_AVAILABLE DATA_.
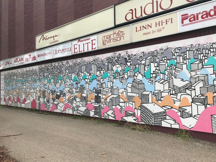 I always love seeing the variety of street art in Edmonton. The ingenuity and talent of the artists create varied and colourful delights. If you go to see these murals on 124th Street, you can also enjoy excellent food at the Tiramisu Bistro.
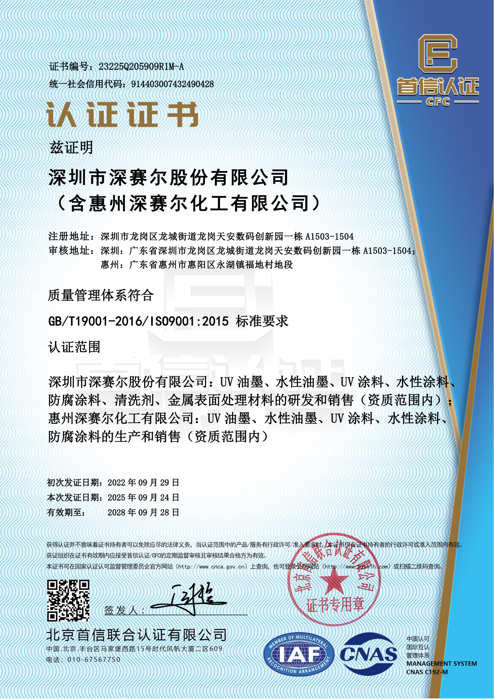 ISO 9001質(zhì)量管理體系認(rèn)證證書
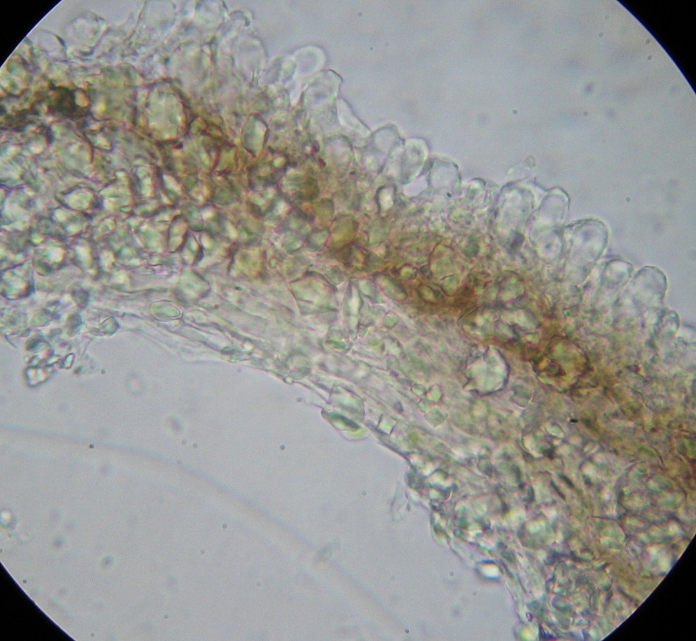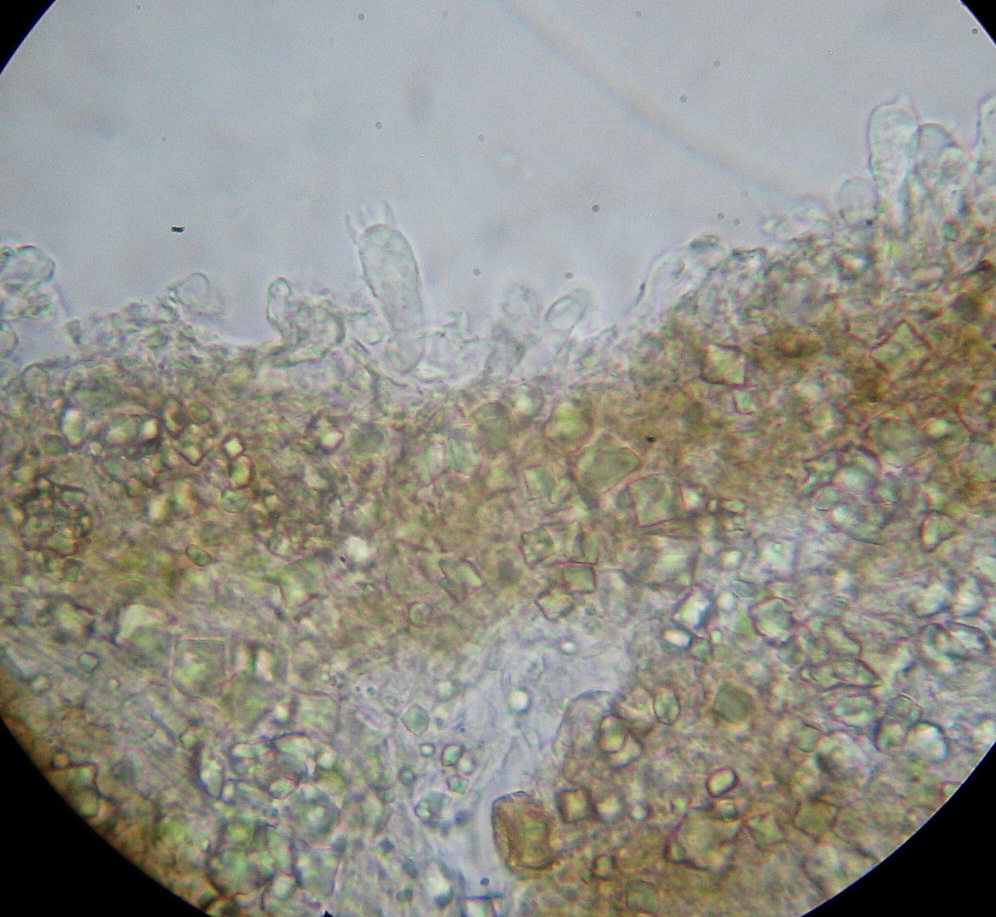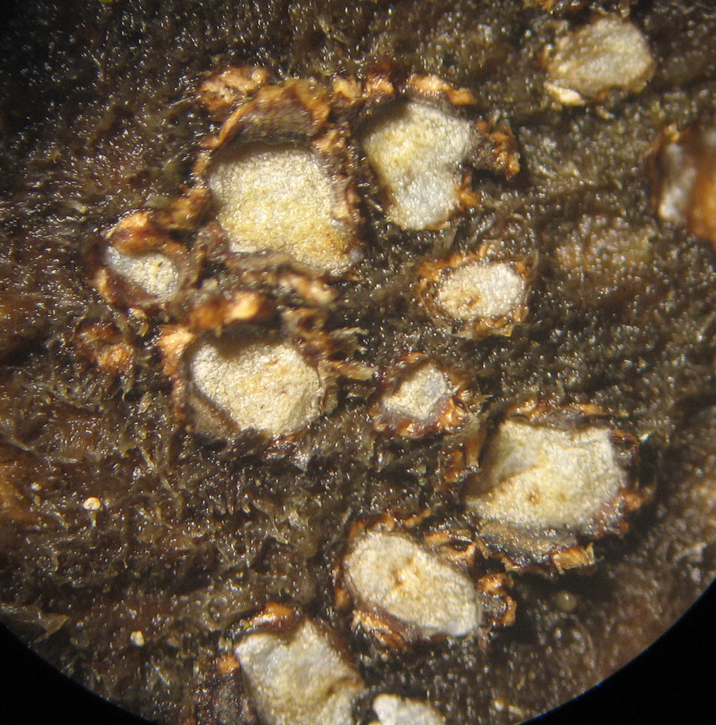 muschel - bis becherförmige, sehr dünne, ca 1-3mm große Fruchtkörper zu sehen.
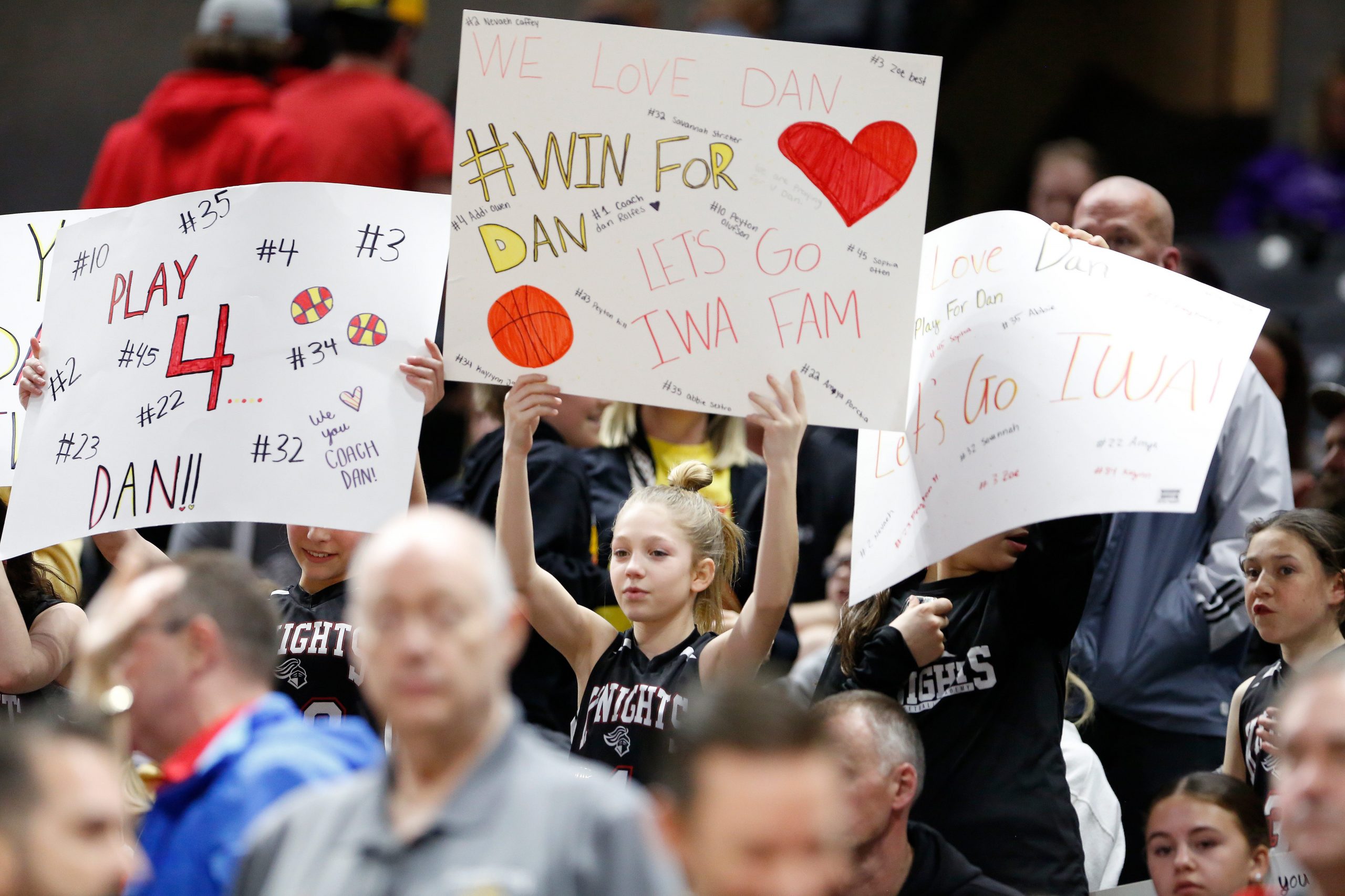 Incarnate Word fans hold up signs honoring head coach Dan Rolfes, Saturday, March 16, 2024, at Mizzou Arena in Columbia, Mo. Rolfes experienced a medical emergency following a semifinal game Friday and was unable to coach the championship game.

_YOUR INSTRUCTIONS_. After locating the line with "ISO 9001質(zhì)量管理體系認(rèn)證證書" in the listing above, transcribe it and every line after it to the last, exactly, with no pictures.

_TASK RESULT_.
 ISO 9001質(zhì)量管理體系認(rèn)證證書
 muschel - bis becherförmige, sehr dünne, ca 1-3mm große Fruchtkörper zu sehen.
 Incarnate Word fans hold up signs honoring head coach Dan Rolfes, Saturday, March 16, 2024, at Mizzou Arena in Columbia, Mo. Rolfes experienced a medical emergency following a semifinal game Friday and was unable to coach the championship game.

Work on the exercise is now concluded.